== Provided data ==
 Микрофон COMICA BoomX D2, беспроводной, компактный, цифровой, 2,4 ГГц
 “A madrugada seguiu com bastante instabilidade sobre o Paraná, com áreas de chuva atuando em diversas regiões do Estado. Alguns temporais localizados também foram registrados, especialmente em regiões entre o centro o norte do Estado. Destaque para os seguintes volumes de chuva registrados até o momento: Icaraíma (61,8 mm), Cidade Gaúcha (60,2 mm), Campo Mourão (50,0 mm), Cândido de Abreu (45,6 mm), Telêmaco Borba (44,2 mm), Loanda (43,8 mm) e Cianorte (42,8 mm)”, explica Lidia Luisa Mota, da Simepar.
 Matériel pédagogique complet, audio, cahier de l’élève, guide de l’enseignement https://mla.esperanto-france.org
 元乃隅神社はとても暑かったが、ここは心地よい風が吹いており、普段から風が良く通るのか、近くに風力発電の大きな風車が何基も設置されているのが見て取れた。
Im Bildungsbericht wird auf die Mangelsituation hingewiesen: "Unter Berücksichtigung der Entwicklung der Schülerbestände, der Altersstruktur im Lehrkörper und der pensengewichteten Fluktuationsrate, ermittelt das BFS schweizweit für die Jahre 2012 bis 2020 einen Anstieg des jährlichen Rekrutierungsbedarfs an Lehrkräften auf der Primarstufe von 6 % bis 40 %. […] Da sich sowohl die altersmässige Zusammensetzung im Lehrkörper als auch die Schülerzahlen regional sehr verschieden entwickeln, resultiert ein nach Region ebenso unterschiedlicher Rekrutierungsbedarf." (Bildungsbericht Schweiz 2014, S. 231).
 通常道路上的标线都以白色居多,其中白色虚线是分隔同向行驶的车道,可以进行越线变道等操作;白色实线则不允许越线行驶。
* * *
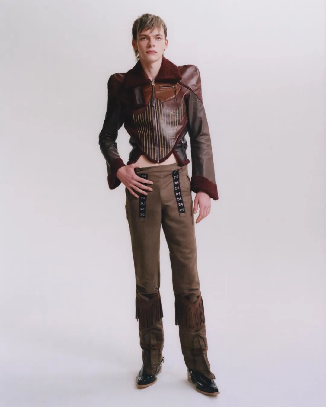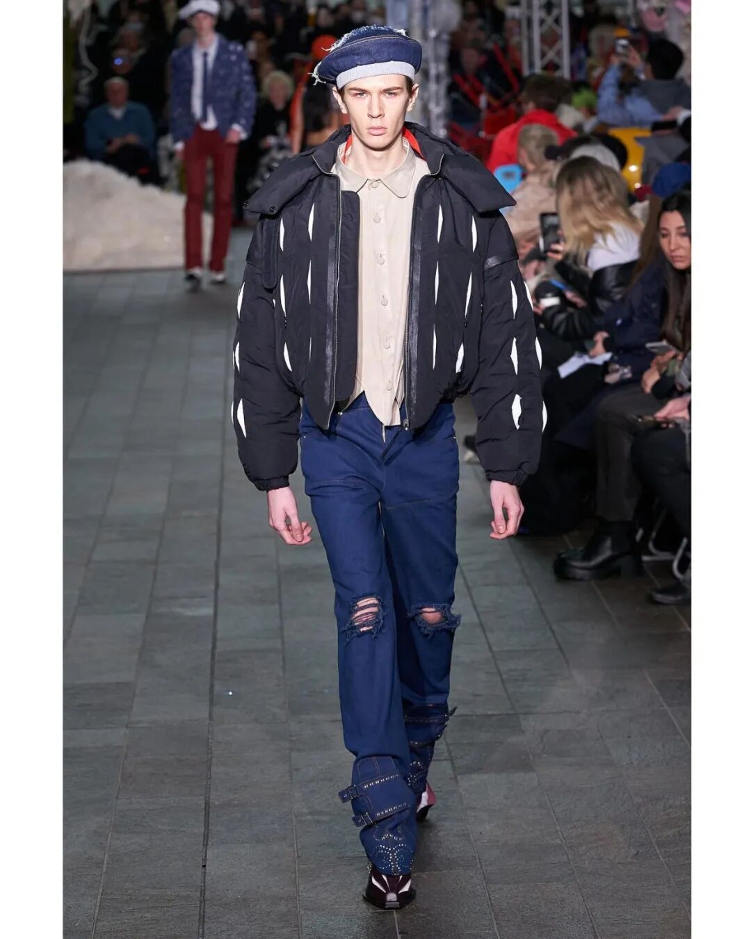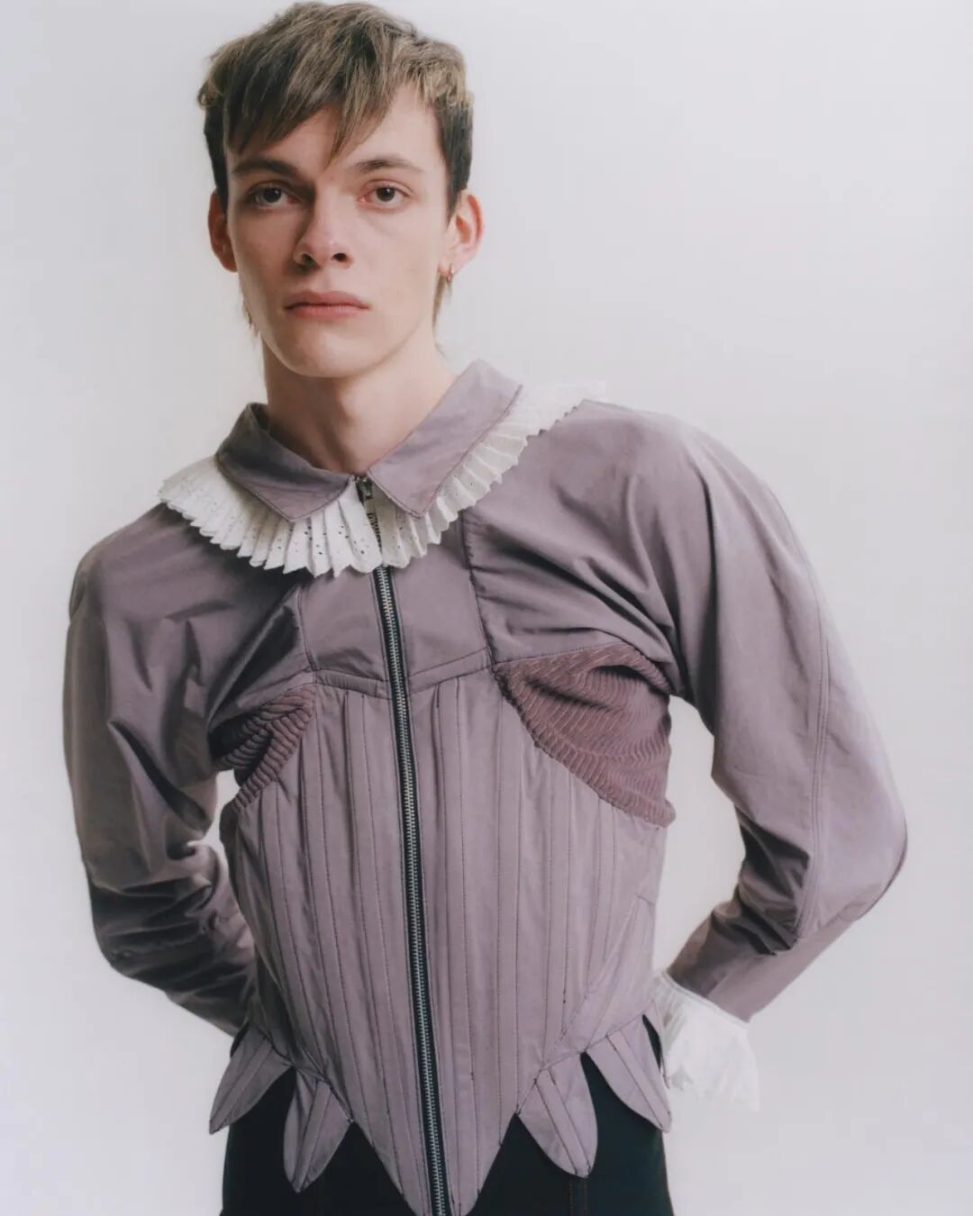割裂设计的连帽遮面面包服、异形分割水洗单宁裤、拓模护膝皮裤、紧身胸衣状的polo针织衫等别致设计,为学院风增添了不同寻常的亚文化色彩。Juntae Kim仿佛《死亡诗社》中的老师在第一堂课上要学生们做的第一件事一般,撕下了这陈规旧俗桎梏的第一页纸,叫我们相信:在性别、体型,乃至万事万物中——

== Prompt ==
All lines in the data above from the one with "Matériel pédagogique complet, audio, cahier" through the one with "Im Bildungsbericht wird" must be repeated exactly, and no others.

== Response area ==
 Matériel pédagogique complet, audio, cahier de l’élève, guide de l’enseignement https://mla.esperanto-france.org
 元乃隅神社はとても暑かったが、ここは心地よい風が吹いており、普段から風が良く通るのか、近くに風力発電の大きな風車が何基も設置されているのが見て取れた。
Im Bildungsbericht wird auf die Mangelsituation hingewiesen: "Unter Berücksichtigung der Entwicklung der Schülerbestände, der Altersstruktur im Lehrkörper und der pensengewichteten Fluktuationsrate, ermittelt das BFS schweizweit für die Jahre 2012 bis 2020 einen Anstieg des jährlichen Rekrutierungsbedarfs an Lehrkräften auf der Primarstufe von 6 % bis 40 %. […] Da sich sowohl die altersmässige Zusammensetzung im Lehrkörper als auch die Schülerzahlen regional sehr verschieden entwickeln, resultiert ein nach Region ebenso unterschiedlicher Rekrutierungsbedarf." (Bildungsbericht Schweiz 2014, S. 231).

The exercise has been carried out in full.